> _Required work_:
In the records below, find the line that contains "Gambar 4 : Kunjungan ke Desa Kekiling", then write out that line and each one after it exactly, up to and including the last.

> _Material to process_:
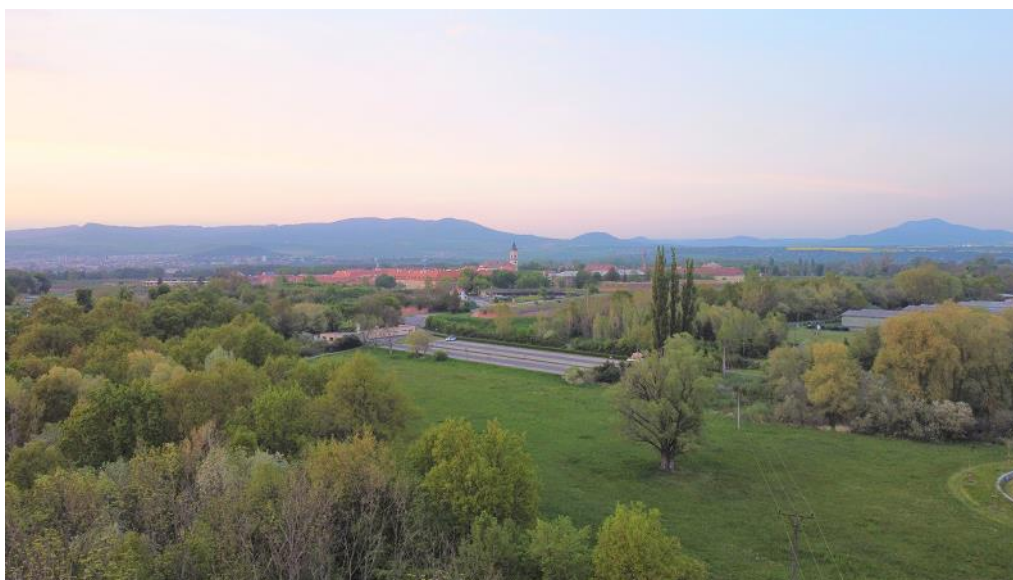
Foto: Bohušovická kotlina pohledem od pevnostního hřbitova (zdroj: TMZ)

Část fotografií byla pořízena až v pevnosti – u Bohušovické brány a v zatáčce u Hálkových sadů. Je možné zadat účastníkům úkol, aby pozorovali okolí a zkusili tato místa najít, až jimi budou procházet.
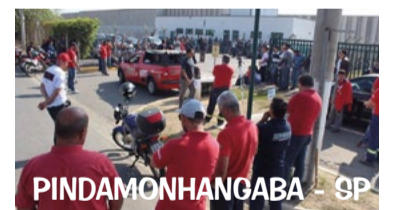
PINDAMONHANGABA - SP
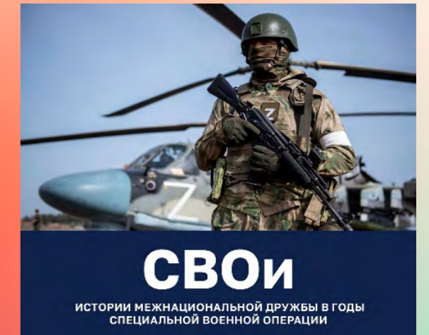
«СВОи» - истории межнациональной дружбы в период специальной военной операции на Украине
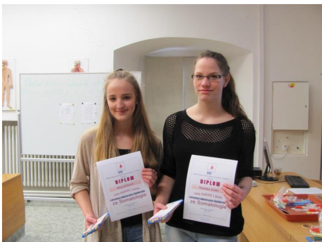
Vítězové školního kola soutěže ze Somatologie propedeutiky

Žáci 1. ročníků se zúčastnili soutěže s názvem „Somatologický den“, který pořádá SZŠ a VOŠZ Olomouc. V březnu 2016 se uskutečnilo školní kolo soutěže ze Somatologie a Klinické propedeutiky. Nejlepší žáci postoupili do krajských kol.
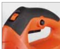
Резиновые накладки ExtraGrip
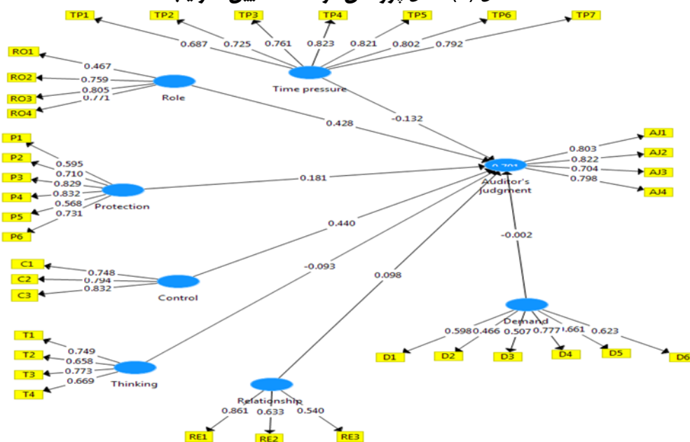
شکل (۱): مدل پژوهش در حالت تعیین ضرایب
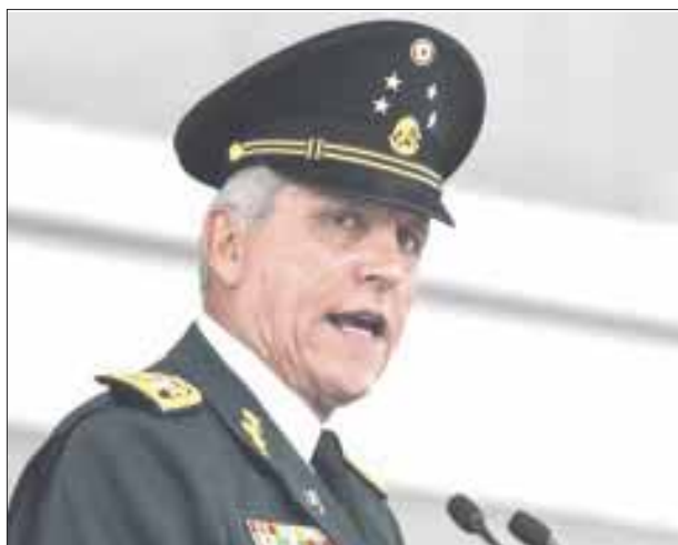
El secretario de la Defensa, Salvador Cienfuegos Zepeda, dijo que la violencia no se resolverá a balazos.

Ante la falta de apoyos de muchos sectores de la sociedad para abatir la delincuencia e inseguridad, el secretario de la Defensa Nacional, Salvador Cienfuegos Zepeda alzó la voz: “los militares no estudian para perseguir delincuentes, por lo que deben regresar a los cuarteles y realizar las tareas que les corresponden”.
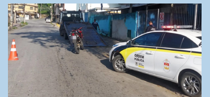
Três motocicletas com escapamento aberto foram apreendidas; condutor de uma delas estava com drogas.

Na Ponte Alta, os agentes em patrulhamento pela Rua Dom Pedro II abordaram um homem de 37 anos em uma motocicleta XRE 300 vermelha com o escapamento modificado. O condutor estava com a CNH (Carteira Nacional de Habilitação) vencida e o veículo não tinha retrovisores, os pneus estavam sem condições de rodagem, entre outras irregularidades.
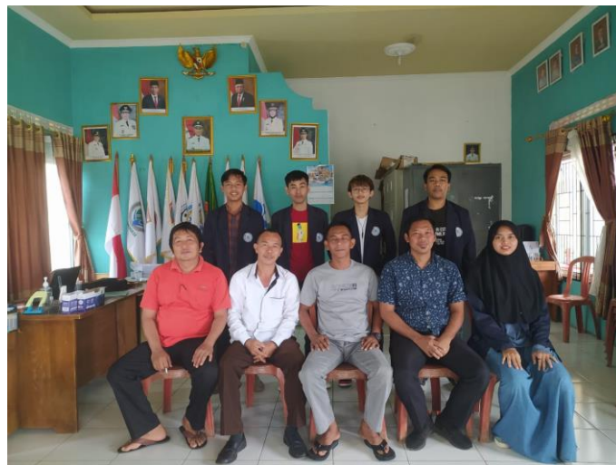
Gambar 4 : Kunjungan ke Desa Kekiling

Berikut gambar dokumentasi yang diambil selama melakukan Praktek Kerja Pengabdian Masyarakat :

> _Your solution_:
Gambar 4 : Kunjungan ke Desa Kekiling

Berikut gambar dokumentasi yang diambil selama melakukan Praktek Kerja Pengabdian Masyarakat :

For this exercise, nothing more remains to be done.